━━━━━ EXTRACTED DATA
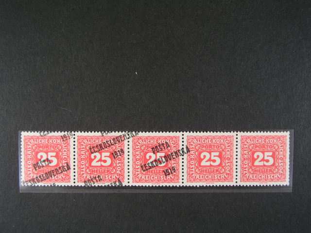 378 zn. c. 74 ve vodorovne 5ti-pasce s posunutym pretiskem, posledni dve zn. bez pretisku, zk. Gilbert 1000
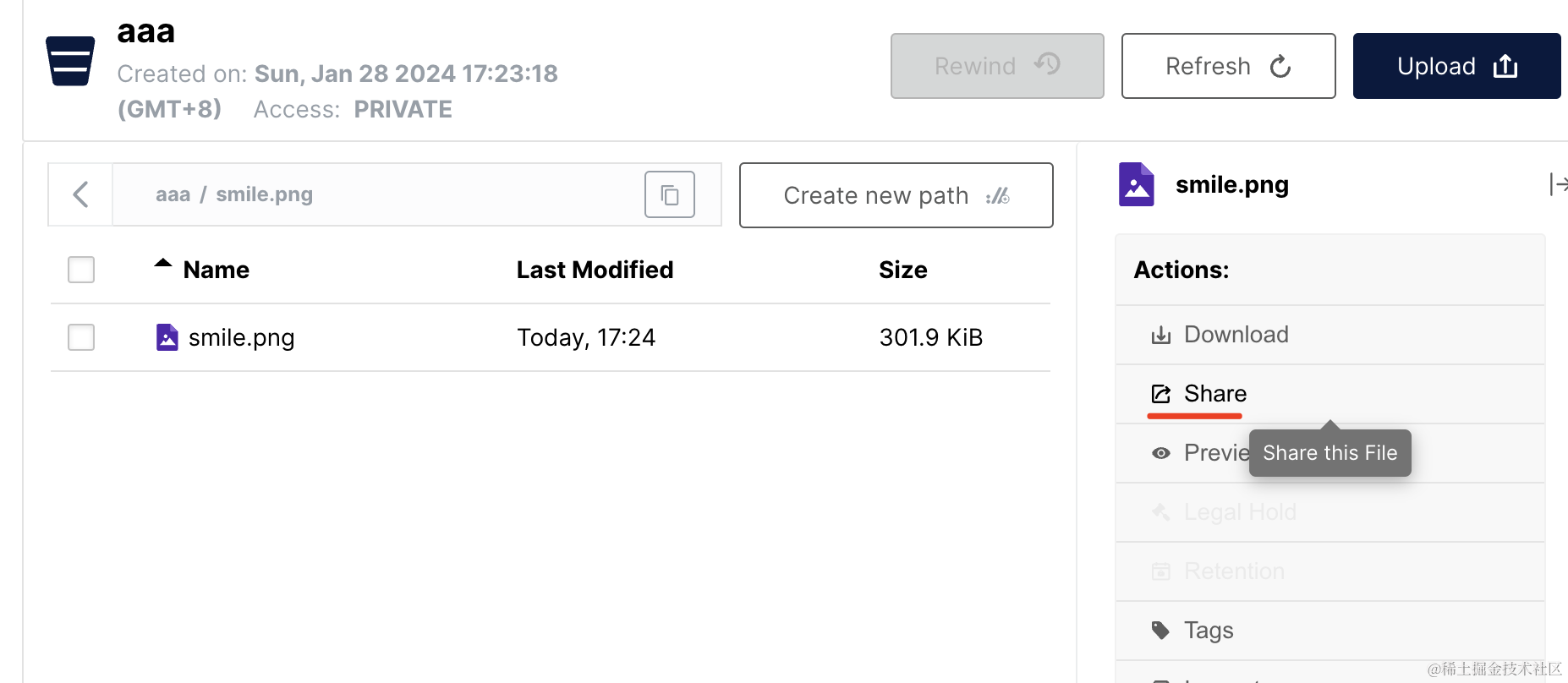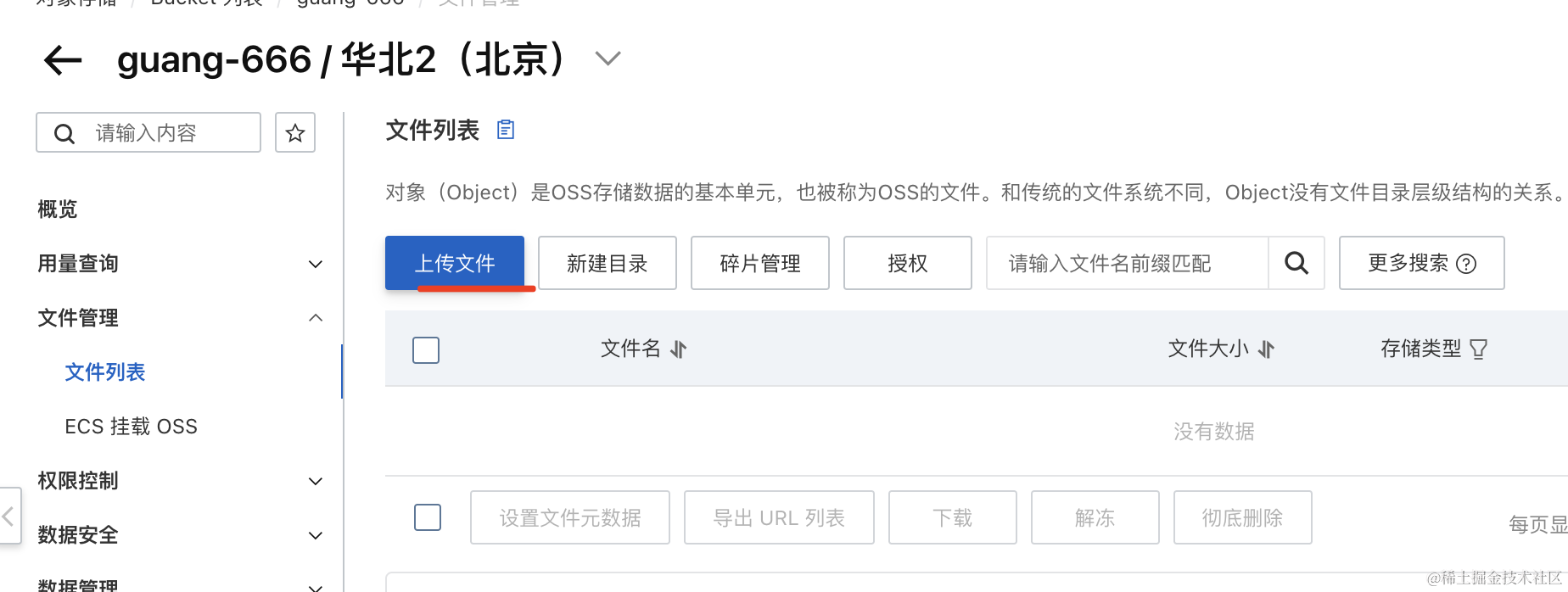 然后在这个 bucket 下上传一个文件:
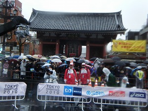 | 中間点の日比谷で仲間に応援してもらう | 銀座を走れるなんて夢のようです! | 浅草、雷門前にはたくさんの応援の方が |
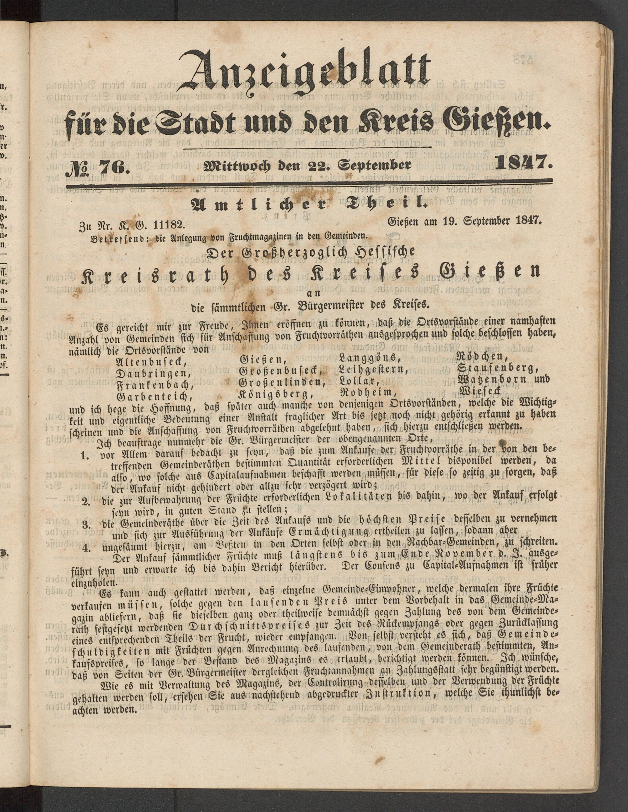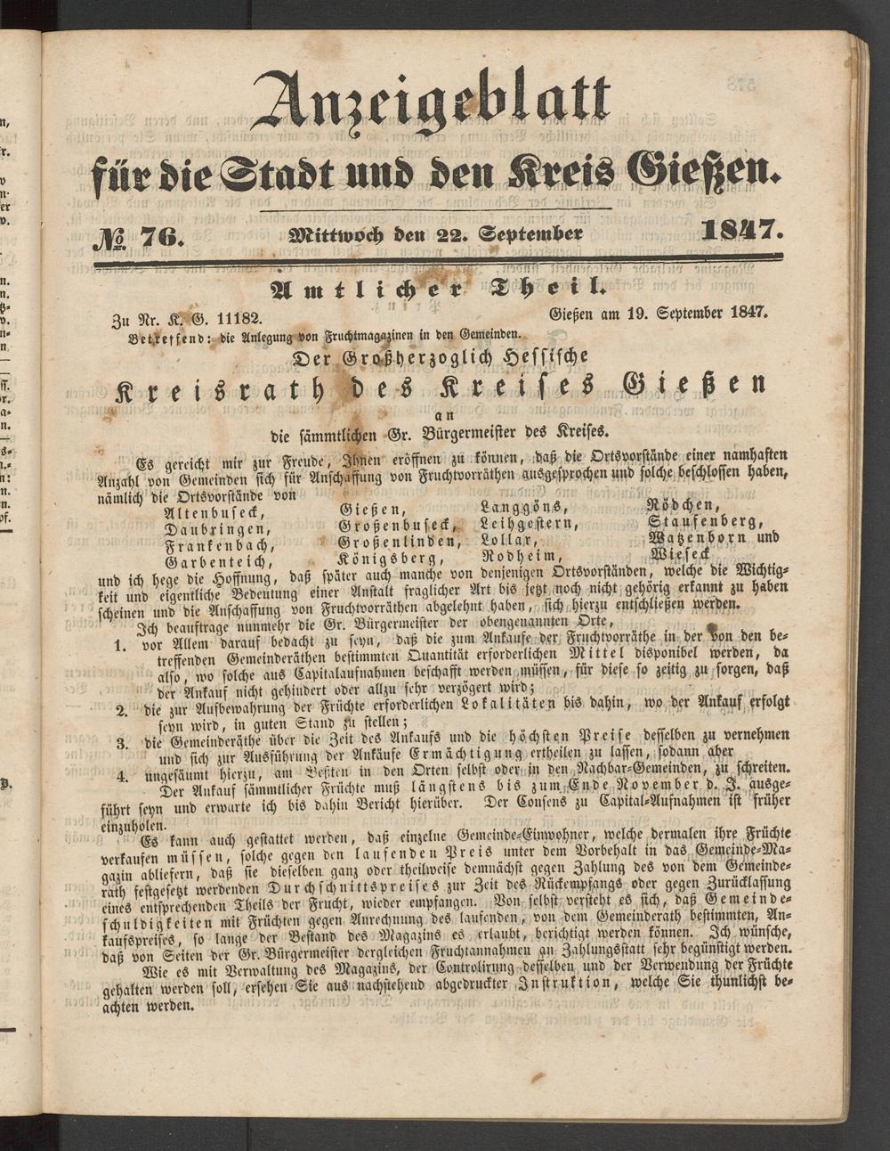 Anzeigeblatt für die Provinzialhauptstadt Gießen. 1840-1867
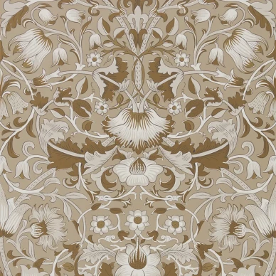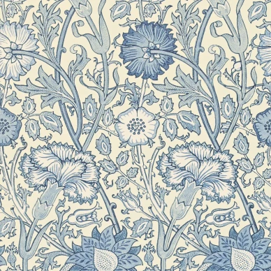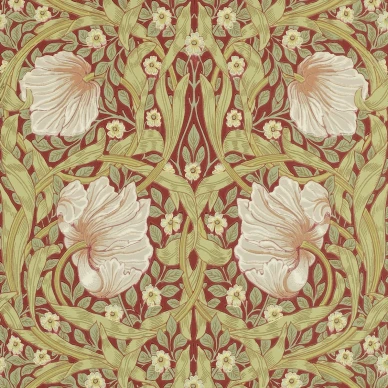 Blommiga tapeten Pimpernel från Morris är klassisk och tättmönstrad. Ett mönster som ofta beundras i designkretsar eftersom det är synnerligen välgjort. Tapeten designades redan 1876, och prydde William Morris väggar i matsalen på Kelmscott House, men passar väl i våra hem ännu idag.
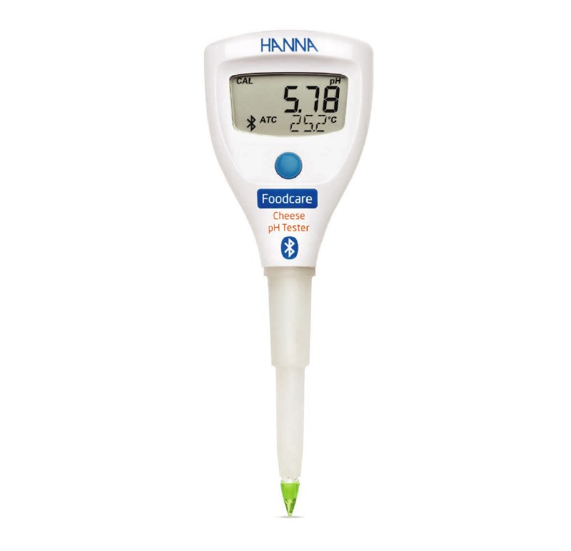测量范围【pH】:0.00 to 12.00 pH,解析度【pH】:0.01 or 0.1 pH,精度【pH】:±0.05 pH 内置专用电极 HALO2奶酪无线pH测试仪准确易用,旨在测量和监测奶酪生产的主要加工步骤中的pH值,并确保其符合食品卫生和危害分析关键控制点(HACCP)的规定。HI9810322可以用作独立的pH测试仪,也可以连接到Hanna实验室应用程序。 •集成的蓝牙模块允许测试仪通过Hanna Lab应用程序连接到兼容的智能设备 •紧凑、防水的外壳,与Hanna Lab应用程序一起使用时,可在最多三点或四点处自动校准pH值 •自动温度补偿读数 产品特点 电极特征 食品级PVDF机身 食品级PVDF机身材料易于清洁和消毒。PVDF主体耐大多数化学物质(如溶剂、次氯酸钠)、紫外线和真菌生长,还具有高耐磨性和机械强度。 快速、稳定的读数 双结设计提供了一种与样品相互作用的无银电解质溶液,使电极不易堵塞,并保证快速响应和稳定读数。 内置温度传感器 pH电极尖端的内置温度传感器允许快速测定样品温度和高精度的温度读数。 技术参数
━━━━━━━━━━
**ASSIGNMENT:** The answer should consist solely of the lines from the one containing "銀座を走れるなんて夢のようです! | 浅草、雷門前にはたくさんの応援の方が |" through the last line of the material, copied exactly, with pictures left out.

**ANSWER BELOW:**
 | 中間点の日比谷で仲間に応援してもらう | 銀座を走れるなんて夢のようです! | 浅草、雷門前にはたくさんの応援の方が |
 Anzeigeblatt für die Provinzialhauptstadt Gießen. 1840-1867
 Blommiga tapeten Pimpernel från Morris är klassisk och tättmönstrad. Ett mönster som ofta beundras i designkretsar eftersom det är synnerligen välgjort. Tapeten designades redan 1876, och prydde William Morris väggar i matsalen på Kelmscott House, men passar väl i våra hem ännu idag.
测量范围【pH】:0.00 to 12.00 pH,解析度【pH】:0.01 or 0.1 pH,精度【pH】:±0.05 pH 内置专用电极 HALO2奶酪无线pH测试仪准确易用,旨在测量和监测奶酪生产的主要加工步骤中的pH值,并确保其符合食品卫生和危害分析关键控制点(HACCP)的规定。HI9810322可以用作独立的pH测试仪,也可以连接到Hanna实验室应用程序。 •集成的蓝牙模块允许测试仪通过Hanna Lab应用程序连接到兼容的智能设备 •紧凑、防水的外壳,与Hanna Lab应用程序一起使用时,可在最多三点或四点处自动校准pH值 •自动温度补偿读数 产品特点 电极特征 食品级PVDF机身 食品级PVDF机身材料易于清洁和消毒。PVDF主体耐大多数化学物质(如溶剂、次氯酸钠)、紫外线和真菌生长,还具有高耐磨性和机械强度。 快速、稳定的读数 双结设计提供了一种与样品相互作用的无银电解质溶液,使电极不易堵塞,并保证快速响应和稳定读数。 内置温度传感器 pH电极尖端的内置温度传感器允许快速测定样品温度和高精度的温度读数。 技术参数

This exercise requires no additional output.